PROMPT: Repeat the data verbatim, images excluded.

DATASET EXTRACT:
⟨
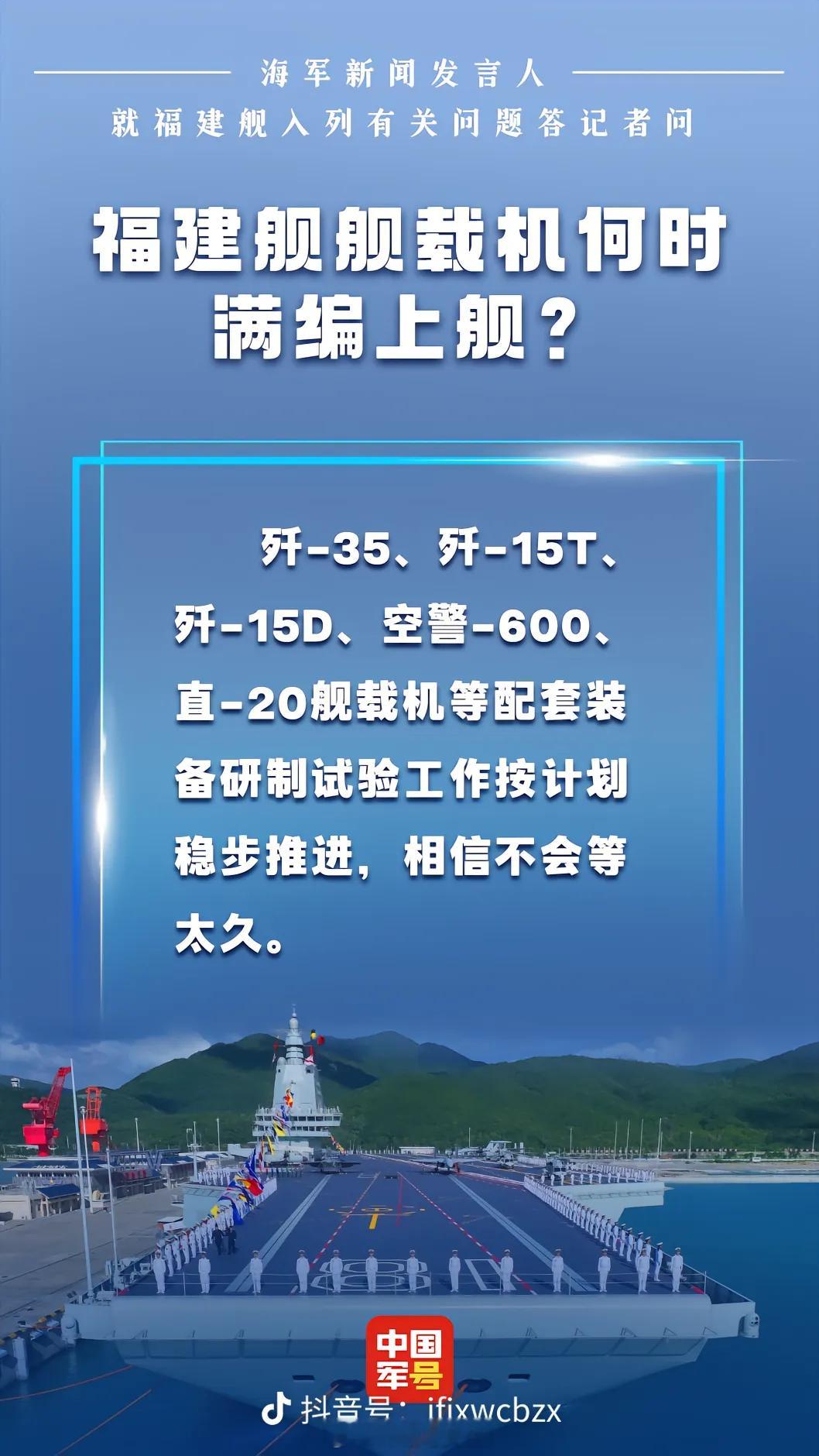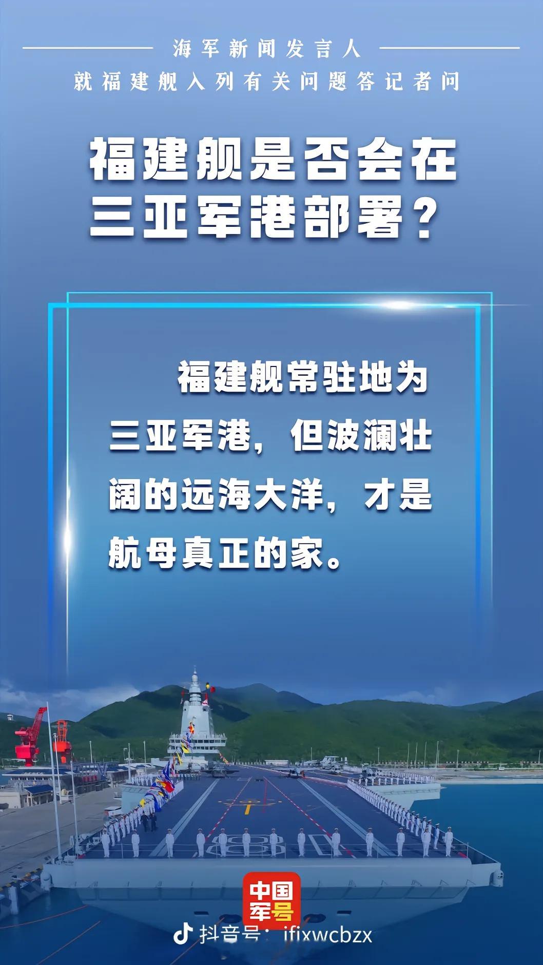 11月8号,海军发言人就福建舰入列回答记者相关问题:福建舰
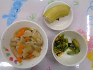 ・けんちんうどん、小松菜とコーンの和え物、バナナでした。
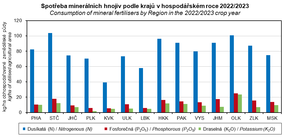 Graf 27 Spotřeba minerálních hnojiv podle krajů v hospodářském roce 2022/2023
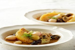 Kάστανα, πράσα, δαμάσκηνα, κρεμμυδάκια του στιφάδου και μανιτάρια με μια ελαφριά σάλτσα που δένει χάρη στα καρύδια της συνταγής. Ό,τι πρέπει για τις κρύες ημέρες!
⟩
ANSWER TO THIS TASK:
 11月8号,海军发言人就福建舰入列回答记者相关问题:福建舰
 ・けんちんうどん、小松菜とコーンの和え物、バナナでした。
 Graf 27 Spotřeba minerálních hnojiv podle krajů v hospodářském roce 2022/2023
 Kάστανα, πράσα, δαμάσκηνα, κρεμμυδάκια του στιφάδου και μανιτάρια με μια ελαφριά σάλτσα που δένει χάρη στα καρύδια της συνταγής. Ό,τι πρέπει για τις κρύες ημέρες!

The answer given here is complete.